[TASK DIRECTIONS] Skip the images and copy each record exactly as written.

[RECORDS SHOWN]
"""
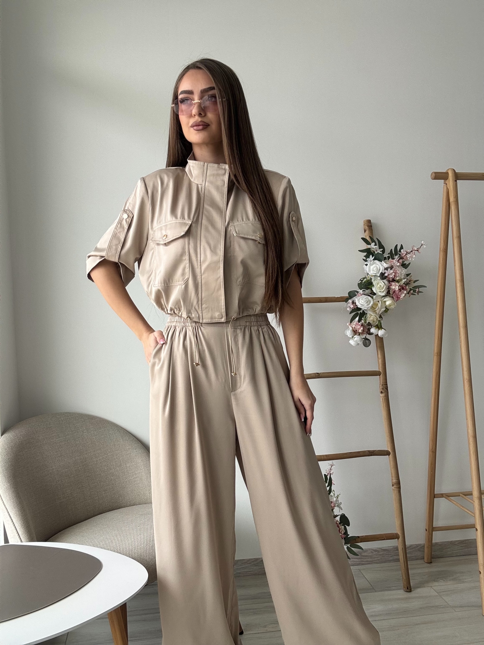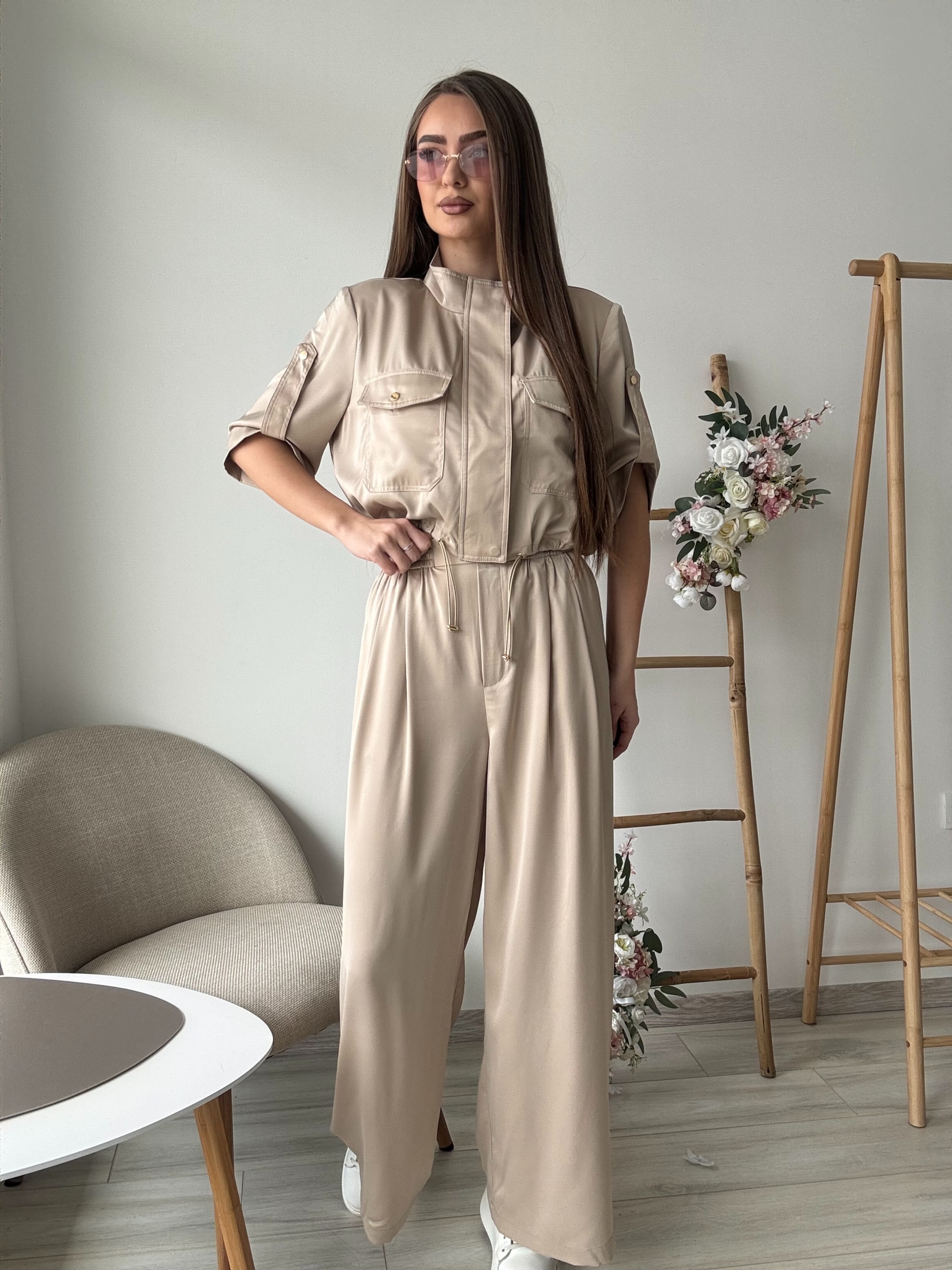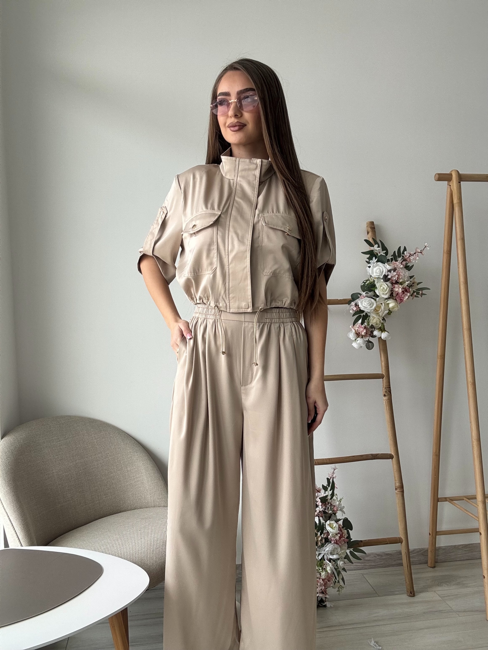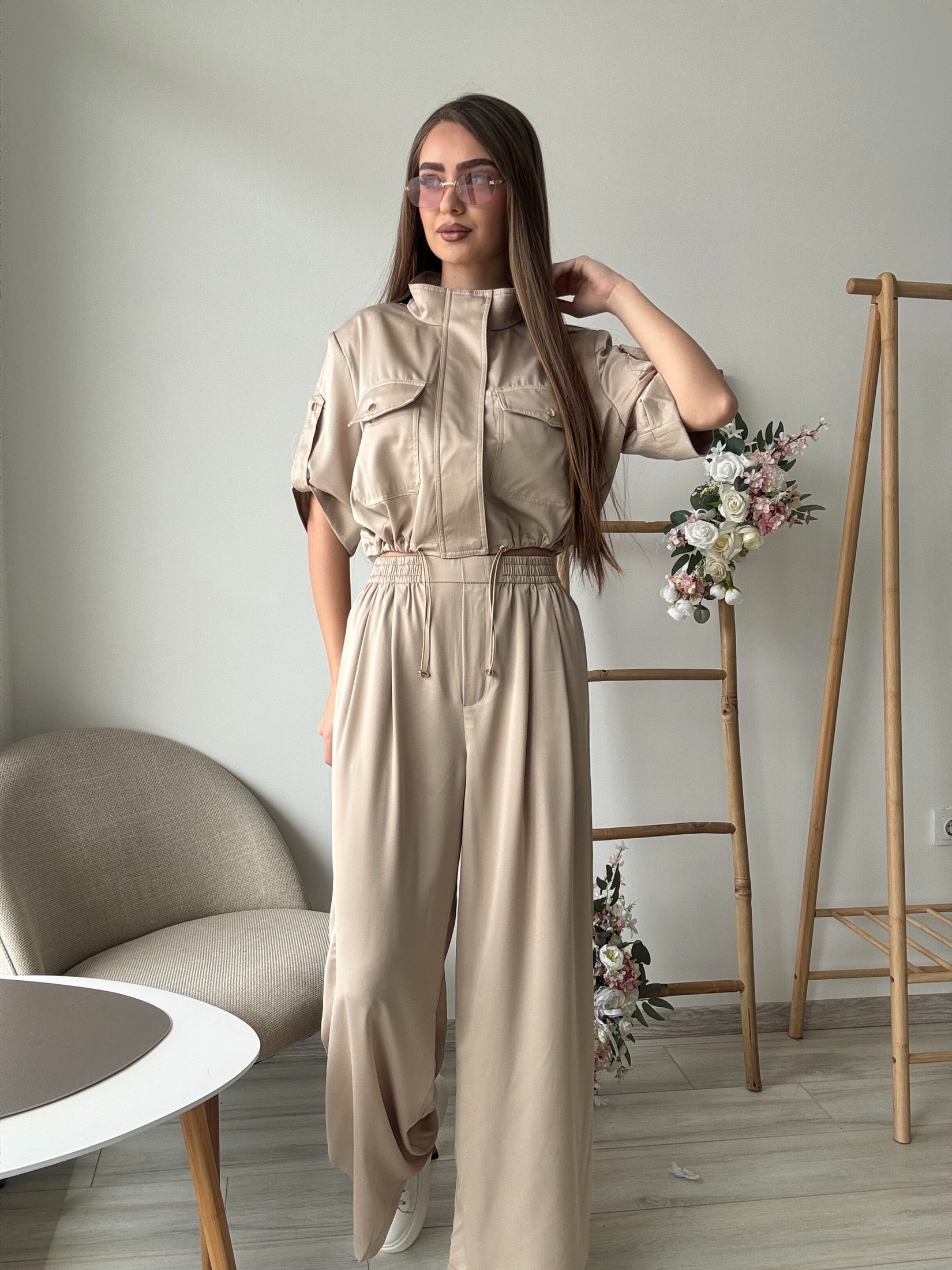 Стилен дамски комплект от две части, съчетаващ модерна визия и комфорт. Комплектът включва късо яке със свободна кройка, къс ръкав и ефектни декоративни джобове с капаци, които придават модерен и леко спортно-елегантен стил. Моделът е със столче яка и връзки в долната част, които позволяват леко регулиране и оформят силуета. Панталонът е с висока талия, ластик и връзки за допълнителен комфорт, както и с практични странични джобове. Широката крачолна линия създава елегантна и издължена визия, като същевременно осигурява свобода на движение.
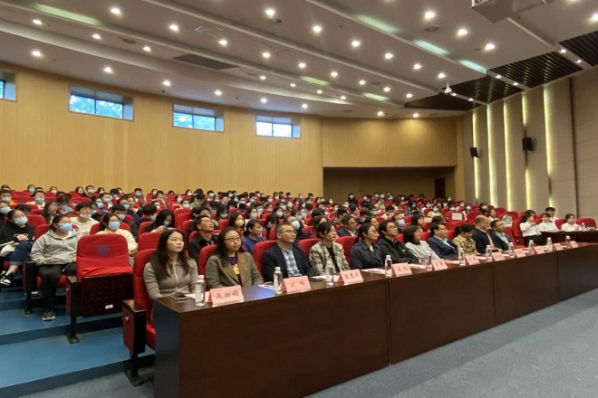 11月5日下午,药学院2021级新生开学典礼暨入学教育活动在远东报告厅举行。药学院党委书记陈霞雯,药学院院长、生命科学与健康工程学院(筹)院长陈敬华,生命科学与健康工程学院(筹)执行院长兼药学院副院长尹健,党委副书记、副院长蒋艳,副院长李会、吴静、杨子毅,药学系主任邱立朋,教授代表耿燕、林军、王文龙、张晓梅、周志及新生班主任出席典礼,学生副班主任及2021级全体本科、研究生新生参与此次活动。活动由学院分团委书记王珏主持。
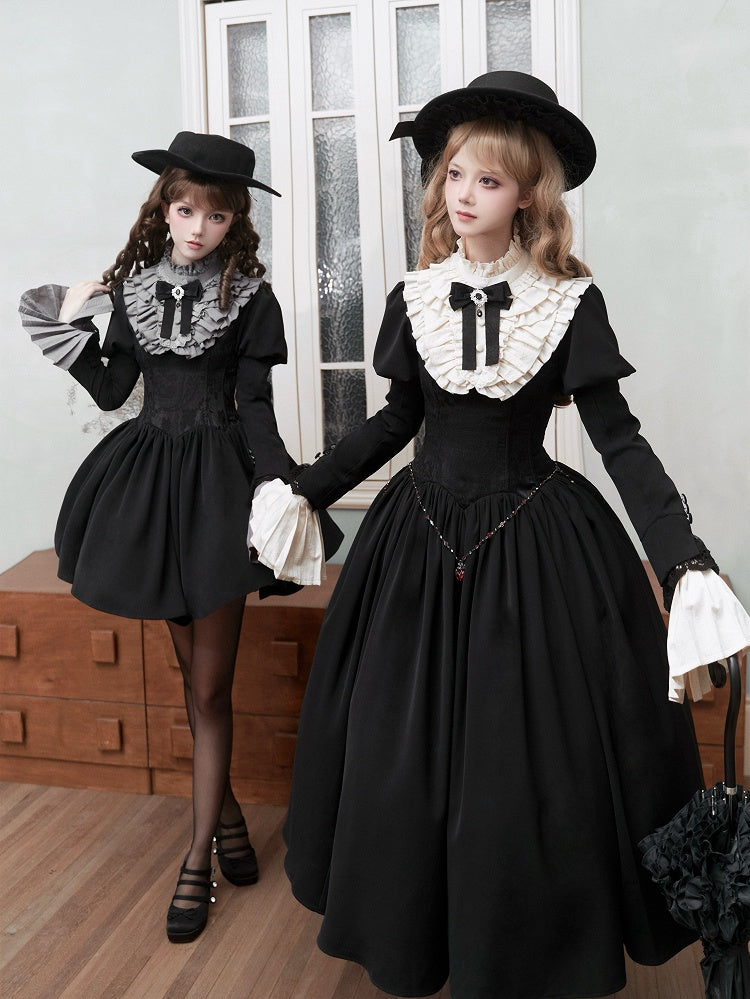 黒と白のオールドスクールロリータファッションドレス蝶結びロリータJSKセット
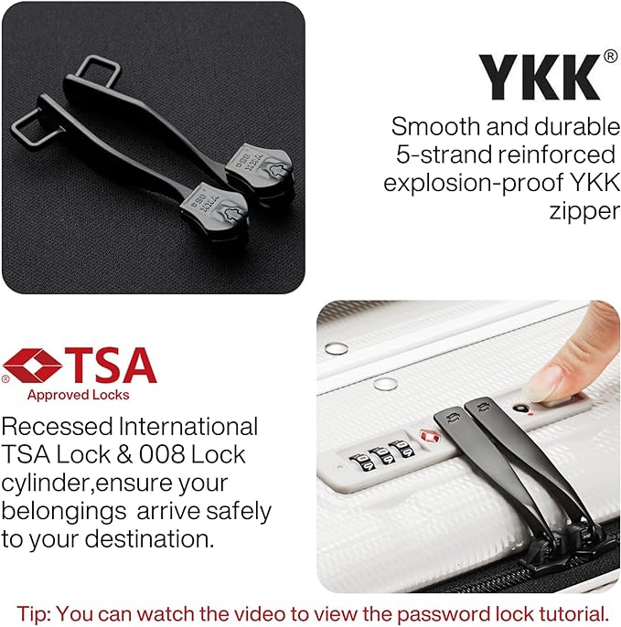 - 【COMBINATION LOCK】One touch to unlock, which is safe and convenient, save both time and labour. This Hanke lock the hardside suitcase features with 008 encrypted lock cylinder, which is more secure and meets airline approved (No Key).
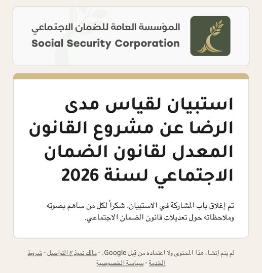 أخبار البلد - أوقفت المؤسسة العامة للضمان الاجتماعي المشاركة في الاستبيان الإلكتروني الذي طرحته عبر موقعها الرسمي لاستطلاع آراء المواطنين حول التعديلات المقترحة على قانون الضمان الاجتماعي لسنة 2026.
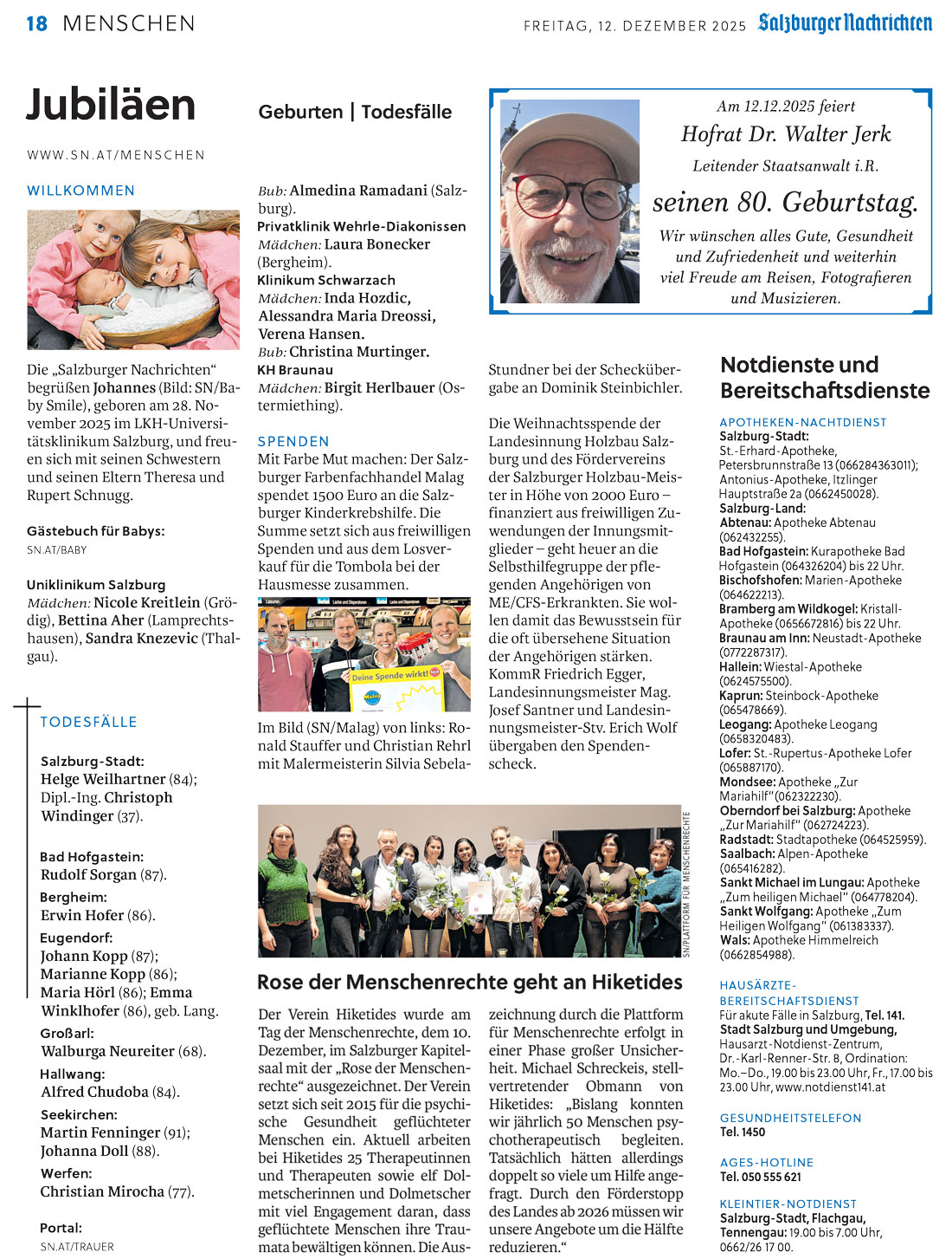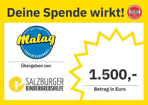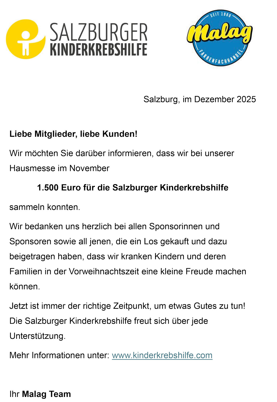 Wir möchten Sie darüber informieren, dass wir bei unserer Hausmesse im November 1.500 Euro für die Salzburger Kinderkrebshilfe sammeln konnten.
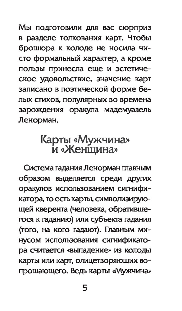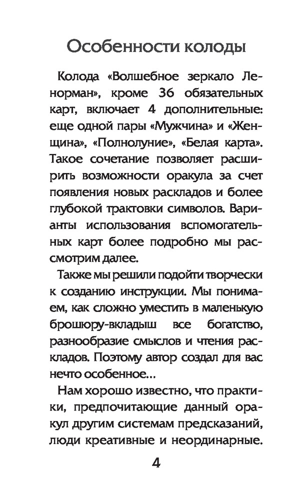 Колода отличная! Тонкие карты, покрытые лаком, что дает возможность прекрасно их тасовать. Рисунки и символы очень хорошо прорисованы, обращают на себя внимание. Отдельно скажу про брошюру-толкования значений. Выполенена необычно, в стихотворной форме. Возможно, не для всех будет понятна, нужна практика классического трактования карт Ленорман. Да, карты не для новичков! А для тех, кто уже имел дело с классической колодой. Мне очень подошли, мне очень понравились, сразу "отозвались". Очень рада, что увидела их здесь.
"""
[RESPONSE BELOW]
 Стилен дамски комплект от две части, съчетаващ модерна визия и комфорт. Комплектът включва късо яке със свободна кройка, къс ръкав и ефектни декоративни джобове с капаци, които придават модерен и леко спортно-елегантен стил. Моделът е със столче яка и връзки в долната част, които позволяват леко регулиране и оформят силуета. Панталонът е с висока талия, ластик и връзки за допълнителен комфорт, както и с практични странични джобове. Широката крачолна линия създава елегантна и издължена визия, като същевременно осигурява свобода на движение.
 11月5日下午,药学院2021级新生开学典礼暨入学教育活动在远东报告厅举行。药学院党委书记陈霞雯,药学院院长、生命科学与健康工程学院(筹)院长陈敬华,生命科学与健康工程学院(筹)执行院长兼药学院副院长尹健,党委副书记、副院长蒋艳,副院长李会、吴静、杨子毅,药学系主任邱立朋,教授代表耿燕、林军、王文龙、张晓梅、周志及新生班主任出席典礼,学生副班主任及2021级全体本科、研究生新生参与此次活动。活动由学院分团委书记王珏主持。
 黒と白のオールドスクールロリータファッションドレス蝶結びロリータJSKセット
 - 【COMBINATION LOCK】One touch to unlock, which is safe and convenient, save both time and labour. This Hanke lock the hardside suitcase features with 008 encrypted lock cylinder, which is more secure and meets airline approved (No Key).
 أخبار البلد - أوقفت المؤسسة العامة للضمان الاجتماعي المشاركة في الاستبيان الإلكتروني الذي طرحته عبر موقعها الرسمي لاستطلاع آراء المواطنين حول التعديلات المقترحة على قانون الضمان الاجتماعي لسنة 2026.
 Wir möchten Sie darüber informieren, dass wir bei unserer Hausmesse im November 1.500 Euro für die Salzburger Kinderkrebshilfe sammeln konnten.
 Колода отличная! Тонкие карты, покрытые лаком, что дает возможность прекрасно их тасовать. Рисунки и символы очень хорошо прорисованы, обращают на себя внимание. Отдельно скажу про брошюру-толкования значений. Выполенена необычно, в стихотворной форме. Возможно, не для всех будет понятна, нужна практика классического трактования карт Ленорман. Да, карты не для новичков! А для тех, кто уже имел дело с классической колодой. Мне очень подошли, мне очень понравились, сразу "отозвались". Очень рада, что увидела их здесь.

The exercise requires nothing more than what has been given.